>>>>

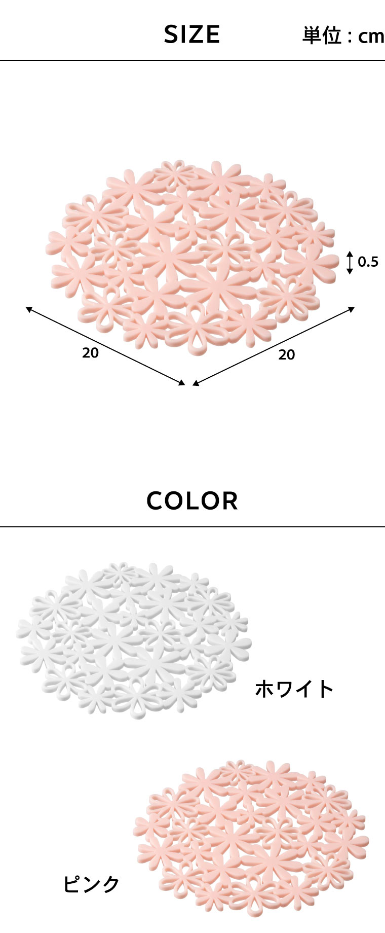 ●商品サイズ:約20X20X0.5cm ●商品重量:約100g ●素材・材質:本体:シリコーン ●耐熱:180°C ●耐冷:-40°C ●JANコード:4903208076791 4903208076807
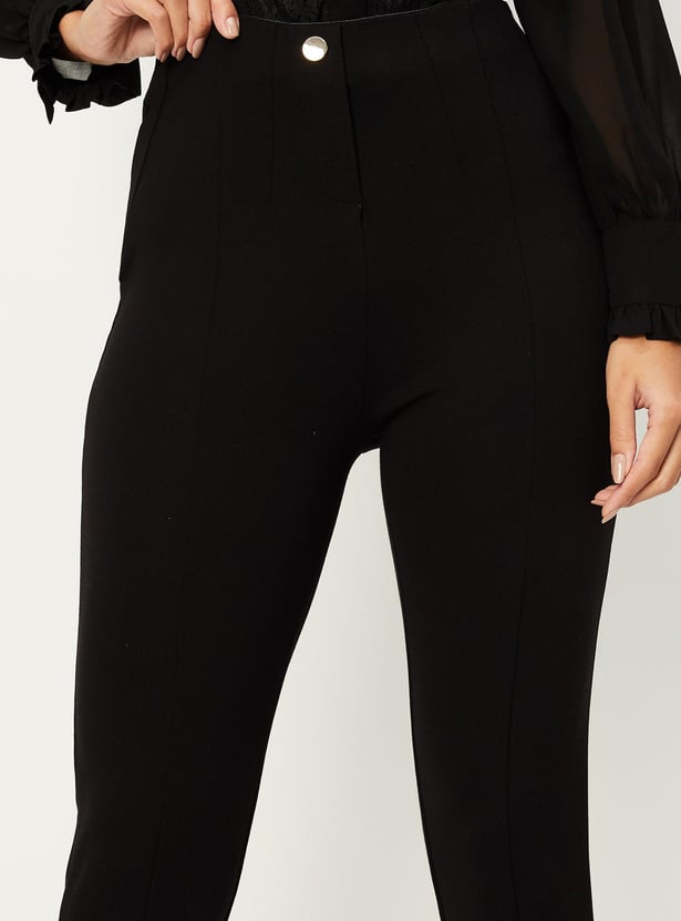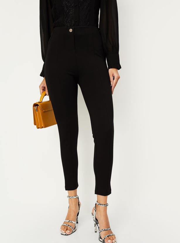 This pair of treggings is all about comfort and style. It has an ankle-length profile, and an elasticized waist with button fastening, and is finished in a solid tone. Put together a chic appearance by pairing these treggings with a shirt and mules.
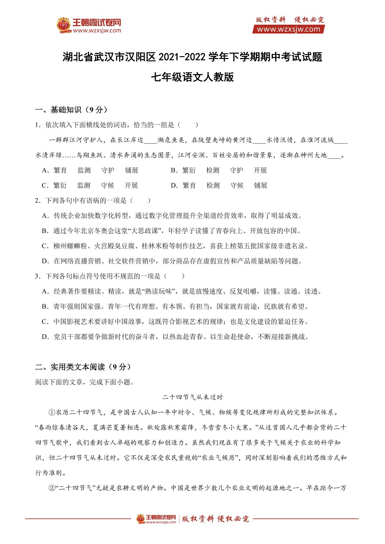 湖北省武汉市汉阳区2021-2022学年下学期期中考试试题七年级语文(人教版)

<<<<
>>>>

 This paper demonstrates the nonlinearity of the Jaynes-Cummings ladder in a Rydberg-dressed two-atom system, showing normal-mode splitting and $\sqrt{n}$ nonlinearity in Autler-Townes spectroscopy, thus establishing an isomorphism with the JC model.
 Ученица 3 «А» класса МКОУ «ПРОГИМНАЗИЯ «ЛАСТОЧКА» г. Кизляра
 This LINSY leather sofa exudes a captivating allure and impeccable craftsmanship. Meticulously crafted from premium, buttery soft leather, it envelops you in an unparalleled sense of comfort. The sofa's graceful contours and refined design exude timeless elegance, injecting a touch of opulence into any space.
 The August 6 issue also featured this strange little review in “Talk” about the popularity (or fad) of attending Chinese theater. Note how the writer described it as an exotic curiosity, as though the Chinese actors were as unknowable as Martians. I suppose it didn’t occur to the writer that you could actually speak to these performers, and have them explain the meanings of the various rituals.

<<<<

Aim of the exercise → Would you please repeat only the lines above, beginning at the one that has "This pair of" and stopping after the one that has "湖北省武汉市汉阳区2021-2022学年下学期期中考试试题七年级语文(人教版)", exactly and with no pictures?

Answer section →
 This pair of treggings is all about comfort and style. It has an ankle-length profile, and an elasticized waist with button fastening, and is finished in a solid tone. Put together a chic appearance by pairing these treggings with a shirt and mules.
 湖北省武汉市汉阳区2021-2022学年下学期期中考试试题七年级语文(人教版)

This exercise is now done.